An airplane is flying with a velocity of 600 km/hr and at a height of 1960 m. When it is vertically above a point A on a ground, a bomb is released frm it. The bomb strikes the ground at pt B. The distance AB is ____ ?
time to fall:
1969=1/2 g t^2
t= sqrt(2*1980/g)
now, horizontal distance traveled during that time t
AB= 600km/hr*t(inseconds)*1/3600 in meters.
To find the distance AB, we need to consider the time it takes for the bomb to hit the ground after it is released.
First, let's calculate the time it takes for the bomb to hit the ground.
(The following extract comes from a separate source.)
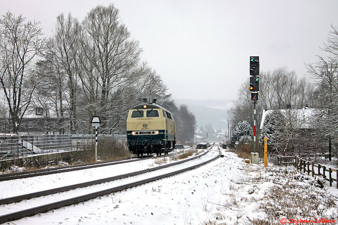 Bei echtem Sauerlandwetter konnte am Mittag des 26. Januar 2026 die 218 490 der Fa. Railsystems RP im Oberen Ruhrtal gesichtet werden. Nach einem Tankstopp in Bestwig fuhr die Lok weiter in Richtung Osten. Dabei wurde der RE 10760 von Winterberg am Abzw. Nuttlar wegen der Kreuzung ausgebremst. Die weitere Fahrstraße gen Bahnsteig in Bestwig war dabei bereits eingelaufen, wie das Signalbild am Esig F zeigt.

We know that the bomb is released vertically, so its motion can be analyzed separately from the horizontal motion of the airplane.
The bomb falls freely under the effect of gravity. We can use the formula for the time of flight of an object undergoing free fall:
t = sqrt((2 * h) / g)
Where:
t is the time of flight
h is the initial height (1960 m in this case)
g is the acceleration due to gravity (approximately 9.8 m/s^2)
Let's calculate the time:
t = sqrt((2 * 1960) / 9.8)
t ≈ sqrt(400) ≈ 20 seconds
Now that we know the time of flight, we can find the horizontal distance traveled by the airplane during this time. Since the airplane is moving horizontally with a constant velocity, the distance traveled is given by:
distance = velocity * time
distance = 600 km/hr * (20 s / 3600 s) [convert km/hr to m/s]
distance = (600 * 1000 m/3600 s) * 20 s
distance = (600 * 1000 * 20) / 3600
distance ≈ 3333.33 m
Therefore, the distance AB is approximately 3333.33 meters.